Mail versus no mail holdout panels are becoming a more accurate measurement of the incremental sales coming from a catalog mailing. Mail versus no-mail holdout panels can also tell a truer picture of sales coming from all varieties of web promotions from on line ads, to e-mails, to multichannel campaigns. Marketers should know that using hold out panels is the default answer for measuring campaigns where allocation of the orders is an issue.
Know that if multiple channels are claiming more credit for sales than the total for all sales that occurred, then you have some double counting. Know that the web and the catalog can’t claim full credit for the same order. Drill down to the order level and see where the overlap occurs and set some business rules to allocate credit for orders claimed by more than one channel or promotion.
Look closely at where your new to file customers are coming from. Catalogers are looking for any and all ways to bring in new customers. Prospecting for new customers with catalogers remains the primary way to bring new customers. But on line ads have shown success at finding new customers. Know which web programs can profitably bring new customers because it is critical to find new customers.
The biggest lesson multichannel marketers are learning from a granular allocation of their orders is that catalogs remain the primary driver for sales for most catalogers. The web is a great vehicle for harvesting demand and getting incremental business from your house file. But the catalog is typically still the main driver of sales and the most cost effective means for a catalog to acquire new customers.
Please don’t make the mistake of assuming that because the percentage of orders that are placed using the web is ever increasing that the web is creating that demand.
The web is an efficient and inexpensive way to take orders. So the percentage of orders taken on the web continues to increase. But the web still has a limited ability to create demand. So it is critical that marketers understand both the match back tools and their limitations and all the metrics available to measure web traffic in order to know how to accurately allocate credit for orders in a multichannel world. Order allocation will only get more complicated as more and more profitable web programs evolve and are layered on top of catalogs, your web site and e-mails.
Understanding the impact, profitability and interaction of a variety of off line and on line marketing programs is the key to maximizing profitability.
Here are the takeaways from this article:
Match back results from house lists of buyers are overstated because your house file gets more contacts than just the catalog.
Match back results from prospecting lists are understated because of the pass along value of the catalog.

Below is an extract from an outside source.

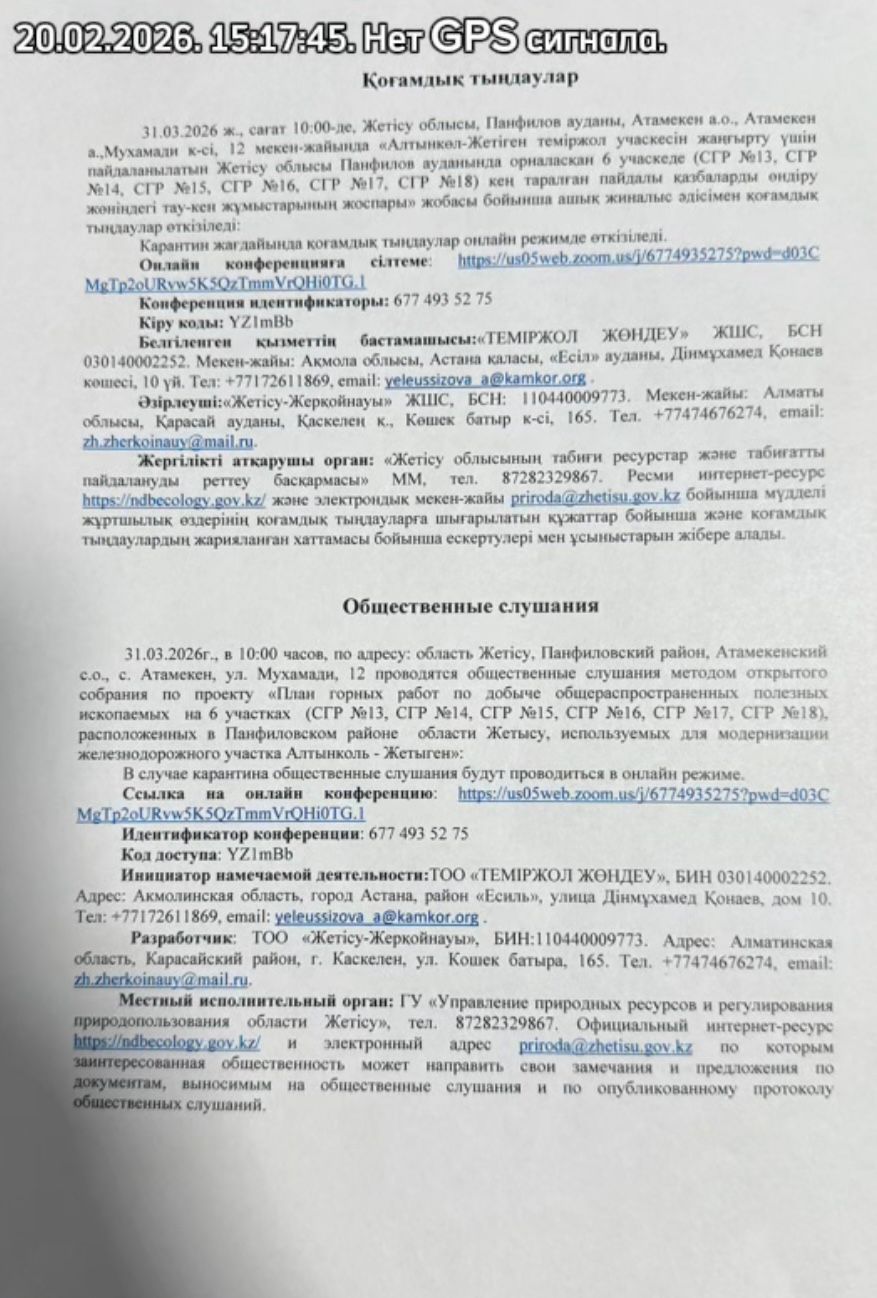 4. Повестка дня общественных слушаний: «Алтынкөл-Жетіген теміржол учаскесін жаңғырту үшін пайдаланылатын Жетісу облысы Панфилов ауданында орналасқан 6 учаскеде (СГР №13, СГР №14, СГР №15, СГР №16, СГР №17, СГР №18) кең таралған пайдалы қазбаларды өндіру жөніндегі тау-кен жұмыстарының жоспары» жобасы бойынша ашық жиналыс әдісімен қоғамдық тыңдаулар өткізіледі: 1) 31.03.2026 ж., сағат 10:00-де, Жетісу облысы, Панфилов ауданы, Атамекен а.о., Атамекен а.,Мухамади к-сі, 12 мекен-жайында; 2) 31.03.2026 ж., сағат 15:00-де Жетісу облысы, Панфилов ауданы, ҮлкенШыған а.о., Үлкен Шыған а., Жібек Жолы к-сі, 61 мекен-жайындағы Мәдениет Үйі ғимаратында. Карантин жағдайында қоғамдық тыңдаулар онлайн режимде өткізіледі. Онлайн конференцияға сілтеме: https://us05web.zoom.us/j/6774935275?pwd=d03C MgTp2oURvw5K5QzTmmVrQHi0TG.1 Конференция идентификаторы: 677 493 52 75 Кіру коды: YZ1mBb Белгіленген қызметтің бастамашысы:«ТЕМІРЖОЛ ЖӨНДЕУ» ЖШС, БСН 030140002252. Мекен-жайы: Ақмола облысы, Астана қаласы, «Есіл» ауданы, Дінмұхамед Қонаев көшесі, 10 үй. Тел: +77172611869, email: yeleussizova_a@kamkor.org . Әзірлеуші:«Жетісу-Жерқойнауы» ЖШС, БСН: 110440009773. Мекен-жайы: Алматы облысы, Қарасай ауданы, Қаскелең қ., Көшек батыр к-сі, 165. Тел. +77474676274, email: zh.zherkoinauy@mail.ru. Жергілікті атқарушы орган: «Жетісу облысының табиғи ресурстар және табиғатты пайдалануды реттеу басқармасы» ММ, тел. 87282329867. Ресми интернет-ресурс https://ndbecology.gov.kz/ және электрондық мекен-жайы priroda@zhetisu.gov.kz бойынша мүдделі жұртшылық өздерінің қоғамдық тыңдауларға шығарылатын құжаттар бойынша және қоғамдық тыңдаулардың жарияланған хаттамасы бойынша ескертулері мен ұсыныстарын жібере алады. Проводятся общественные слушания методом открытого собрания по проекту «План горных работ по добыче общераспространенных полезных ископаемых на 6 участках (СГР №13, СГР №14, СГР №15, СГР №16, СГР №17, СГР №18), расположенных в Панфиловском районе области Жетысу, используемых для модернизации железнодорожного участка Алтынколь - Жетыген»: 1) 31.03.2026г., в 10:00 часов, по адресу: область Жетісу, Панфиловский район, Атамекенский с.о., с. Атамекен, ул. Мухамади, 12. 2) 31.03.2026г., в 15:00 часов, по адресу: область Жетісу, Панфиловский район, Улькеншыганский с.о., с. Улкен Шыган, Дом Культуры по адресу: ул. Жибек Жолы, 61. В случае карантина общественные слушания будут проводиться в онлайн режиме. Ссылка на онлайн конференцию: https://us05web.zoom.us/j/6774935275?pwd=d03C MgTp2oURvw5K5QzTmmVrQHi0TG.1 Идентификатор конференции: 677 493 52 75 Код доступа: YZ1mBb Инициатор намечаемой деятельности:ТОО «ТЕМІРЖОЛ ЖӨНДЕУ», БИН 030140002252. Адрес: Акмолинская область, город Астана, район «Есиль», улица Дінмұхамед Қонаев, дом 10. Тел: +77172611869, email: yeleussizova_a@kamkor.org . Разработчик: ТОО «Жетісу-Жерқойнауы», БИН:110440009773. Адрес: Алматинская область, Карасайский район, г. Каскелен, ул. Кошек батыра, 165. Тел. +77474676274, email: zh.zherkoinauy@mail.ru. Местный исполнительный орган: ГУ «Управление природных ресурсов и регулирования природопользования области Жетісу», тел. 87282329867. Официальный интернет-ресурс https://ndbecology.gov.kz/ и электронный адрес priroda@zhetisu.gov.kz по которым заинтересованная общественность может направить свои замечания и предложения по документам, выносимым на общественные слушания и по опубликованному протоколу общественных слушаний.

Use a multiple catalog allocation to allocate sales between books when in home dates are tightly bunched together like in Q4.
Subtract out the orders that come with promotion codes for web marketing from your catalog results.
Credit on line ads with click through orders but test to determine the correct attribution percentage for view based orders.
Use your match back’s orders not matched to the mail files as a metric for growth of your pure web business.
Estimate the sales from on line promotions from the increase in daily sales.
Mail versus no-mail holdout panels tell precisely how much incremental sales a catalog delivers.
Know where the overlap occurs when multiple marketing channels claim the exact same orders.
Know where your new-to-file customers are coming from. If the web is delivering new customers, learn how to scale those web programs.